看了一下 transformer 文档，似乎是 fast-tokenziers 这个模块 https://huggingface.co/docs/transformers/fast_tokenizers

之前咨询 ChatGLM 的时候， candle 那边回复如下，不知道 Yi 系列是否能够支持？
candle issue:
huggingface/candle#1177 (comment)

transformers 的一些相关代码 https://github.com/huggingface/transformers/blob/main/src/transformers/convert_slow_tokenizer.py

以下是 candle 支持 marian-mt 修改的 convert_slow_tokenizer.py 的代码
https://github.com/huggingface/candle/blob/main/candle-examples/examples/marian-mt/convert_slow_tokenizer.py#L1262C32-L1262C32

ZhaoFancy · 2023-11-06T10:40:46Z

不太确定是否好支持，这个需要内部讨论下（最后一个链接很有用）

Liangdi · 2023-11-06T15:32:15Z

不太确定是否好支持，这个需要内部讨论下（最后一个链接很有用）

期待能支持，顺便问一下，国内有微信技术交流群嘛？

ZhaoFancy · 2023-11-07T07:32:06Z

国内有微信技术交流群嘛？

目前没有，可以在这里投票： #51

loofahcus · 2023-11-08T01:57:32Z

最近使用 candle , 想做 Yi 系列的支持，candle 使用 https://github.com/huggingface/tokenizers 这个库，使用时候需要一个 tokenizer.json , 在 Yi 系列中没有这个文件，一些其他模型如：https://huggingface.co/bert-base-chinese ,https://huggingface.co/Salesforce/blip-image-captioning-large 等有相关支持。看了一下 transformer 文档，似乎是 fast-tokenziers 这个模块 https://huggingface.co/docs/transformers/fast_tokenizers

之前咨询 ChatGLM 的时候， candle 那边回复如下，不知道 Yi 系列是否能够支持？ candle issue: huggingface/candle#1177 (comment)

transformers 的一些相关代码 https://github.com/huggingface/transformers/blob/main/src/transformers/convert_slow_tokenizer.py

以下是 candle 支持 marian-mt 修改的 convert_slow_tokenizer.py 的代码 https://github.com/huggingface/candle/blob/main/candle-examples/examples/marian-mt/convert_slow_tokenizer.py#L1262C32-L1262C32

我研究一下 tokenizer.json 的问题，稍等～
谢谢

loofahcus · 2023-11-08T11:14:27Z

tokenizer.json
@Liangdi 你可以帮我测测这个能用在 candle 上吗? 我简单地试了一下，目前的一些测试 case 是符合预期的。但我对 candle 不熟悉，所以没法测得很全面。

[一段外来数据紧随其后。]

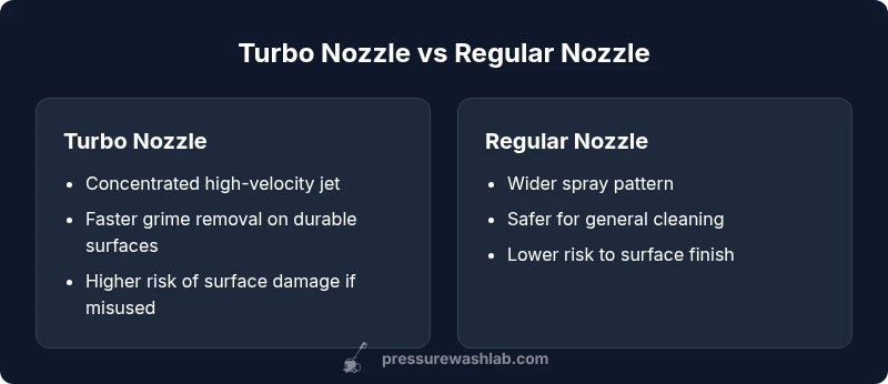 Turbo nozzles deliver a high-velocity, concentrated spray that accelerates grime removal on durable surfaces and speeds up large-area cleaning. Regular nozzles offer safer, more versatile performance suitable for everyday tasks and delicate surfaces. According to Pressure Wash Lab, the best choice depends on surface type, grime severity, and the need to control risk. This comparison breaks down when to reach for each nozzle type.
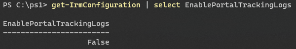 Set-IrmConfiguration -EnablePortalTrackingLogs $true
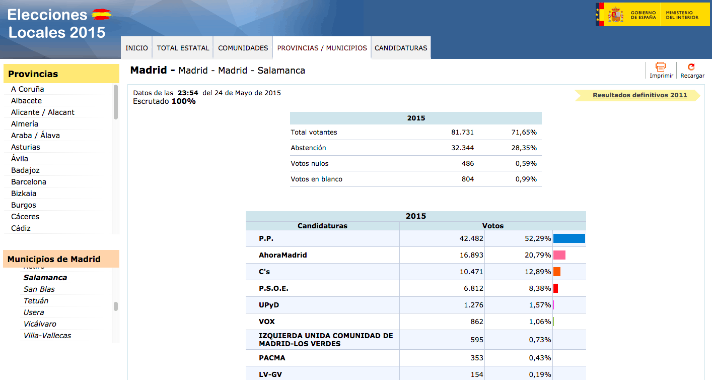 S. R.- A diferencia del distrito de Retiro, donde el 43,51% de sus habitantes votaron este domingo al PP y el 28,32% a Ahora Madrid para la alcaldía de la capital, en el distrito de Salamanca ha sido mayor el porcentaje de apoyos a Esperanza Aguirre que el de Manuela Carmena, como consta en la página web del Ministerio del Interior que ha consultado Zonaretiro.com.
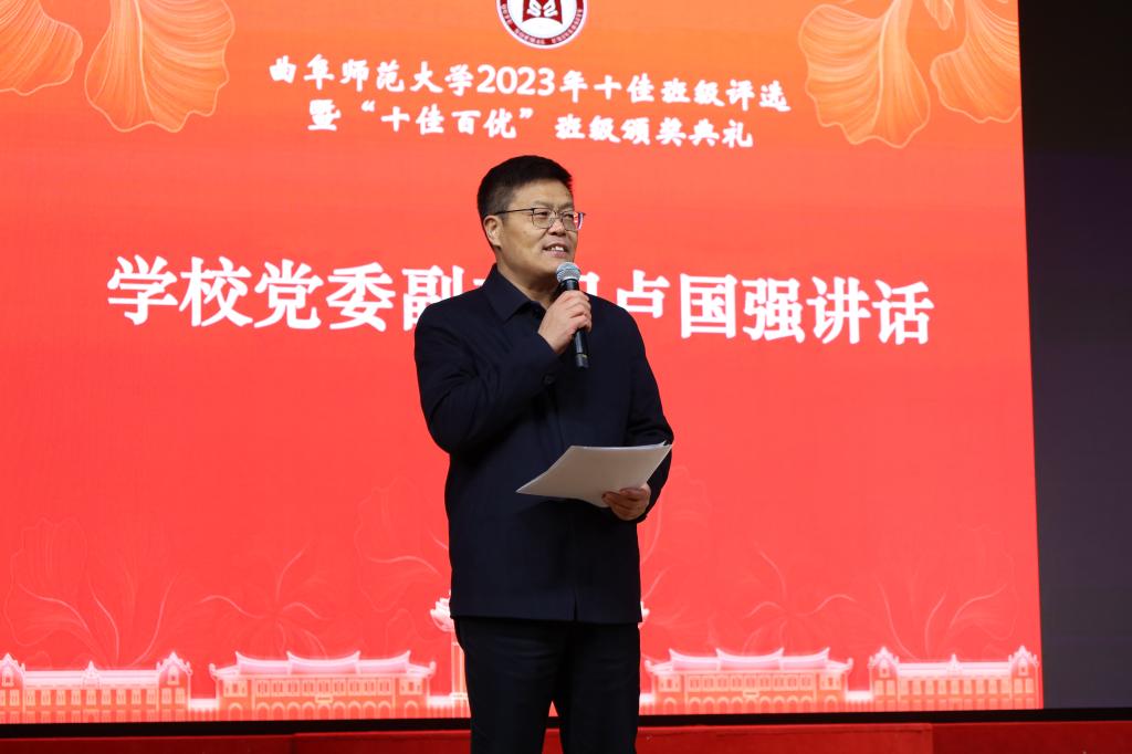 曲阜师大学生工作处讯   12月20-21日晚,曲阜师大2023年十佳班级评选展示会暨“十佳百优”班级颁奖典礼分别在两校区举行。22个十佳候选班级,分别进行了演讲和风采展演,并现场揭晓了十佳班级名单。党委副书记卢国强、副校长胡凡刚分别出席活动。学生工作处、校团委领导班子、各学院党委副书记担任评委,全体辅导员和学生代表观看了活动。

Liangdi · 2023-11-08T13:08:01Z

tokenizer.json @Liangdi 你可以帮我测测这个能用在 candle 上吗? 我简单地试了一下，目前的一些测试 case 是符合预期的。但我对 candle 不熟悉，所以没法测得很全面。

@loofahcus 我用不同的中英文测试数据测试了，和 python 的一致的结果, 太棒了，可以发布转换脚本吗？我这边尝试使用 candle 适配 Yi-6B 去

ericzhou571 · 2023-11-09T02:27:41Z

请教一下converter相比于llama的Converter都做了哪些修改呢？https://github.com/huggingface/transformers/blob/04ab5605fbb4ef207b10bf2772d88c53fc242e83/src/transformers/convert_slow_tokenizer.py#L1098
我们在llama的基础上将转换脚本里的speical token都改成了Yi的，中文字符的tokenize结果都是准的，但是在面对whitespace的时候还是跟原生Yitokenizer结果不一致

ericzhou571 · 2023-11-09T02:30:45Z

tokenizer.json @Liangdi 你可以帮我测测这个能用在 candle 上吗? 我简单地试了一下，目前的一些测试 case 是符合预期的。但我对 candle 不熟悉，所以没法测得很全面。

另外请教一下，使用transfomrers的fast tokenizer加载的时候，应该使用哪一个class呢？直接使用PreTrainedTokenizerFast嘛？
🥹

Nxy update

loofahcus · 2023-11-09T06:46:06Z

class YiConverter(SpmConverter):
    handle_byte_fallback = True

    def decoder(self, replacement, add_prefix_space):
        return decoders.Sequence(
            [
                decoders.Replace("▁", " "),
                decoders.ByteFallback(),
                decoders.Fuse(),
            ]
        )

    def tokenizer(self, proto):
        model_type = proto.trainer_spec.model_type
        vocab_scores = self.vocab(proto)
        if model_type == 1:
            import tokenizers

            if version.parse(tokenizers.__version__) < version.parse("0.14.0"):
                tokenizer = Tokenizer(Unigram(vocab_scores, 0))
            else:
                tokenizer = Tokenizer(Unigram(vocab_scores, 0, byte_fallback=True))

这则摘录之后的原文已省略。